Psychically Nils nodded. The man was barefoot again, and they padded through the narrow tunnel in utter darkness, his guide with a sense of knowing the way. Before long they came to an end, a door, and the Northman sensed the other feeling for a latch, finding it. It would not move. He grasped it with both hands, still couldn’t budge it, and fear surged through him. Nils nudged him aside, explored with his fingers, closed powerful fists on it and pulled, then jerked. Then he pushed, finally lunging against it with a heavy shoulder. The orc took out his sword and pried, carefully at first, then desperately so that the point snapped.
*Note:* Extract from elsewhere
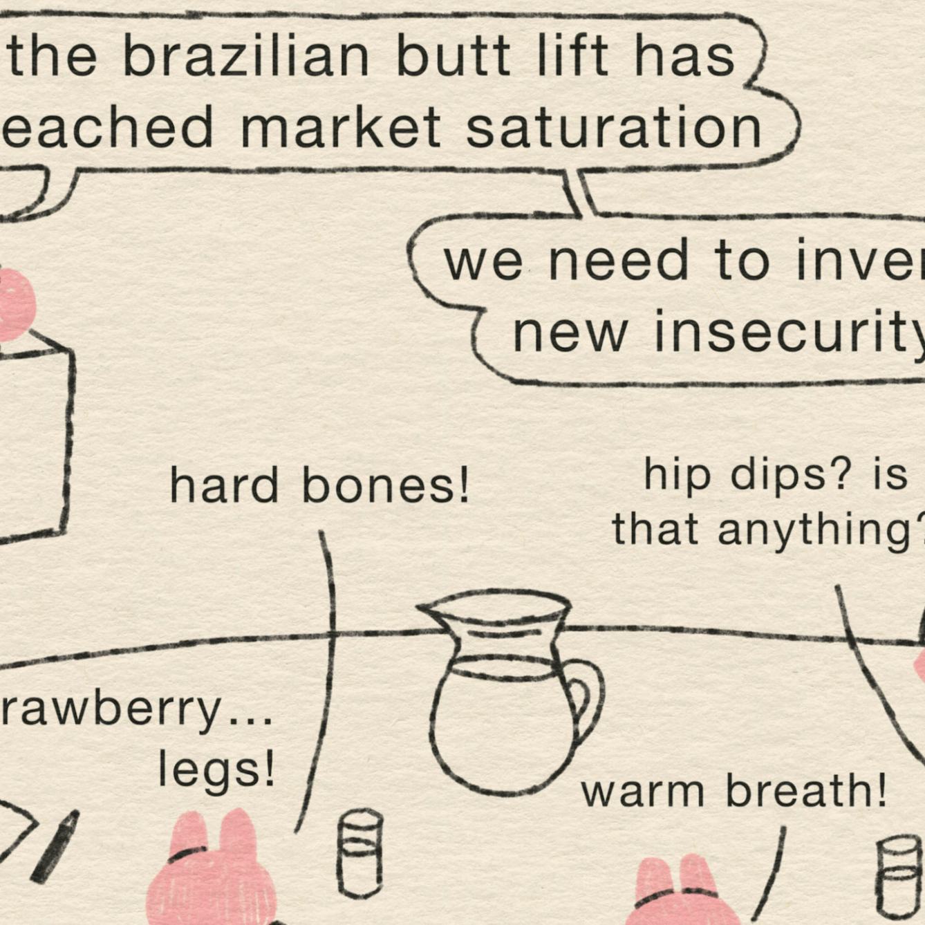 Sales have slumped. But this morally bankrupt CEO remains hellbent on fracturing people’s mental and physical wellbeing for profit. Can his team of minions turn things around with some fresh body insecurities to sell to the masses? This series of comics by Clarice Tudor follows the aftermath of their emergency board meeting. Because beauty is in the eye of the shareholder.

His fear dulled to despondency. “We’re trapped,” he said with his mind. “This route’s been blocked. And we can’t get back out the way we came; it’s too high.”

Nils’s mind questioned.

“No, the other way is a dead end just beyond the shaft we came down.”

Reaching up, Nils found he could touch the overhead. “Let’s go back to the shaft,” he thought. “There’s something I want to try.”

Mentally the man shrugged. Nils led, one hand following the wall, the fingers of the other brushing along the overhead until they found the emptiness of the shaft down which they’d dropped. It was perhaps a meter and a half wide, and round, impossible to climb. He dropped to one knee, hands against the damp wall. “Squat on my shoulders,” he instructed. “When I get up, put your hands on the side of the shaft and stand. See if you can reach the cover.”

Slowly Nils stood with his burden, and carefully the orc rose to his feet; with the return of hope had come fear again.

“I can’t reach it.”

“Stand on my hands and I’ll lift you.”

The man raised his left foot, put it on one of Nils’s palms, then repeated with the other, steadying himself shakily with his hands against the wall. Nils grasped both feet firmly, and slowly raised him to arm’s length overhead. He sensed the orc reaching upward almost hesitantly, touching pavement above, lingers feeling for the edges that defined the cover, finding them. Nils braced his legs, the thick muscles of his arms and shoulders swelling as the man pushed upward against the heavy disk. It gave a little, a centimeter, then the man’s arms were fully extended and could lift no higher. Nils raised up slowly on the balls of his feet, and for just a moment they gained a little more. Then the orc fell backward, striking his head against the side of the shaft before landing heavily on the stones below. There was a stab of pain in his left elbow.